TASK TO CARRY OUT =>
Look through the entries below and extract exactly the lines from the one containing "The CVD tools" through the one containing "Άλλος χρήστης, σχολιάζει", ends included.

SUPPLIED MATERIAL =>
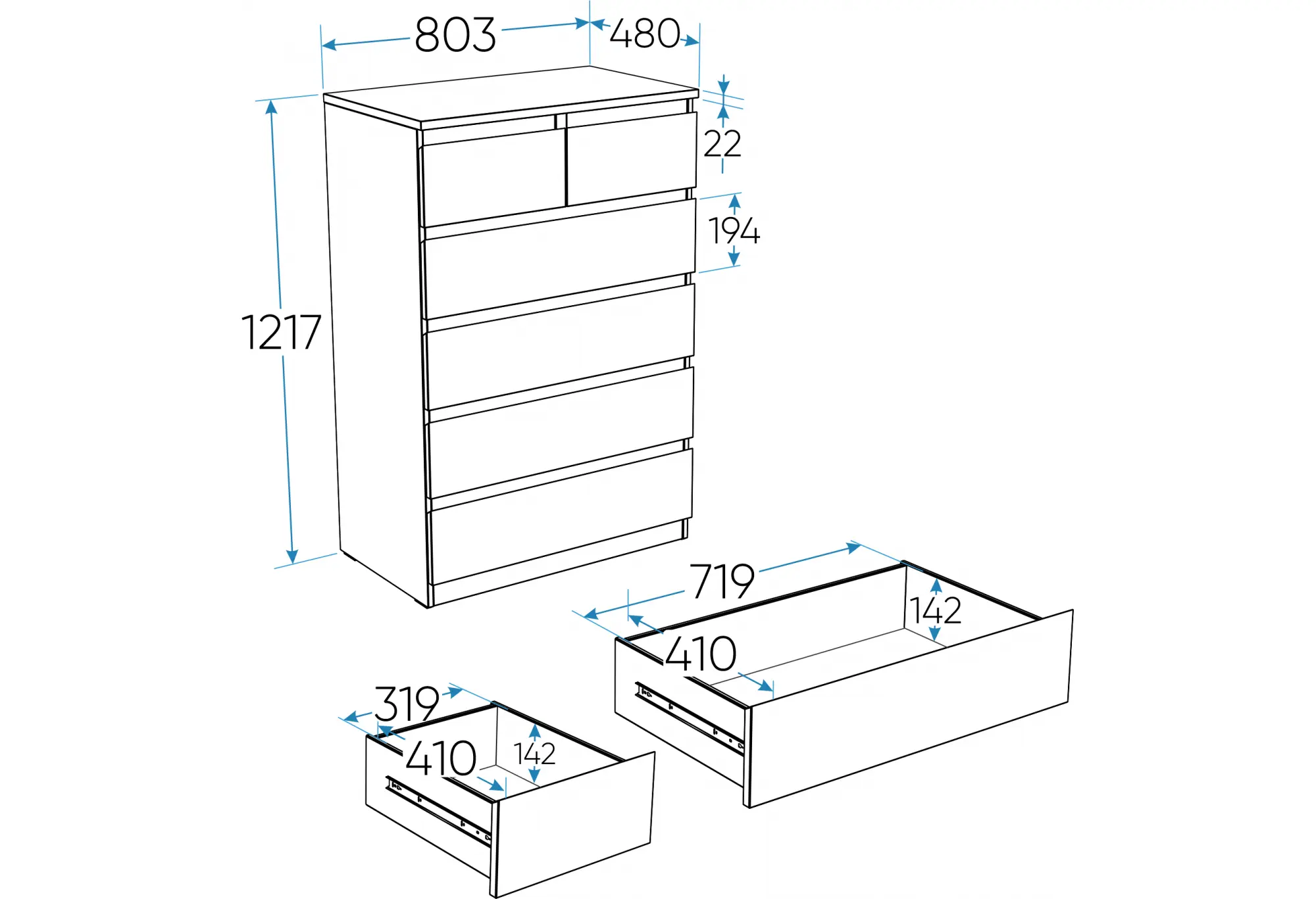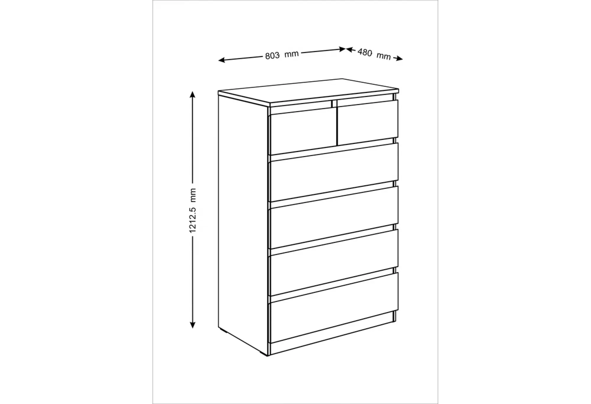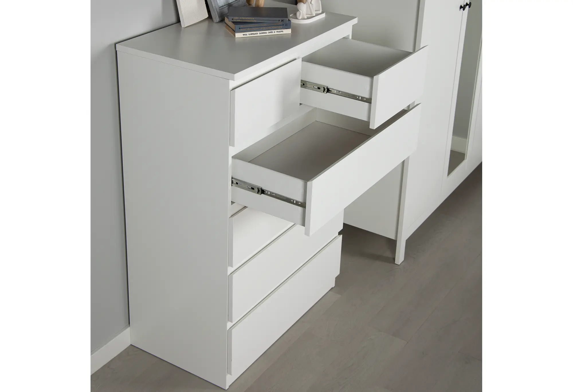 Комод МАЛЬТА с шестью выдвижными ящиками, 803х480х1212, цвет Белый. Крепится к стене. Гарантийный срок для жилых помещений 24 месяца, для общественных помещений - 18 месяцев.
---
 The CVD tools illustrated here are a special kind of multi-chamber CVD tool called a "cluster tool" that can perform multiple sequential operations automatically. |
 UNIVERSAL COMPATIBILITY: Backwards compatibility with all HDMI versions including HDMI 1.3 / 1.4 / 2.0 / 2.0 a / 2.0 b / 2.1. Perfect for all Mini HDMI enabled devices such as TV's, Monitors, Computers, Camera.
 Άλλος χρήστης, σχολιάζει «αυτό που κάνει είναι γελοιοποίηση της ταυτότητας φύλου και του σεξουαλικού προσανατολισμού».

THE ANSWER =>
 The CVD tools illustrated here are a special kind of multi-chamber CVD tool called a "cluster tool" that can perform multiple sequential operations automatically. |
 UNIVERSAL COMPATIBILITY: Backwards compatibility with all HDMI versions including HDMI 1.3 / 1.4 / 2.0 / 2.0 a / 2.0 b / 2.1. Perfect for all Mini HDMI enabled devices such as TV's, Monitors, Computers, Camera.
 Άλλος χρήστης, σχολιάζει «αυτό που κάνει είναι γελοιοποίηση της ταυτότητας φύλου και του σεξουαλικού προσανατολισμού».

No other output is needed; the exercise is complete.